Ah, Paris. It's so quiet at Matthew's mom's house (actually, the boyhood home Matthew grew up in) that I can hear my heart beating as I'm typing this post. It's a large, winding apartment filled with precarious stairs and has an equally expansive garden (for an urban setting, anyway) that sits firmly in the center of a gated courtyard, entirely removed from the footsteps and traffic that buzzes just outside. I'm happy to be here and even more pleased that it's silent. Manhattan's buzz not only gets to me, but I'm convinced it's not good for me, being as easily distracted and unable to focus as I am and constantly being drawn away from whatever I'm doing to spend energy getting annoyed at city intrusions. So, I'm feeling relatively calm now.

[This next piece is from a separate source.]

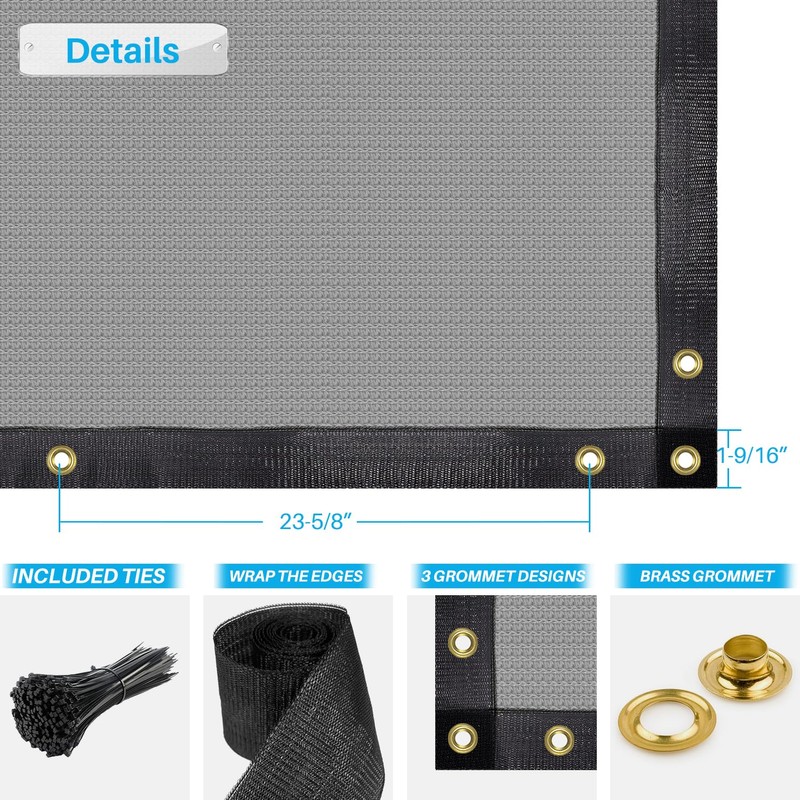 - More Durable: There are 3 brass grommets at each corner edge, not easy to rust, and the triangular distribution structure enhances the stability. Fabricated with widened black binding with double reinforced fabric on all edges to extend service life

The trip here was pure fucking hell. We left Manhattan in the middle of a record heat wave that left us sweaty, irritable messes as we stumbled down the elevator with the mutt in tow and made our way to JFK with looming dark clouds rumbling in the distance. After arriving a bit on the early side, we sat with Ella until it was time to drop her off at security -- they don't allow her to be checked in much more than an hour before the scheduled flight, a fact we somehow always forget and arrive early with her anyway. We eventually dropped her off, made our way through security and did the usual strip show of shoes, belts and laptops before plopping ourselves down near the gate and discovering that our flight was delayed by an hour. I hate that, but at least there was a bar near the gate that we escaped to and temporarily ditched the immense groups of screaming children crowding our gate. I had honestly never seen so many of them, and initially feared that they would all be on our flight, but thankfully most of them were headed to Casablanca ... I've never been, but have heard that it's not nearly as romantic as the movie (which I've never seen, believe it or not) and hardly worth a visit. And based on the crying, screaming babies everywhere, I'm inclined to immediately agree. Yikes.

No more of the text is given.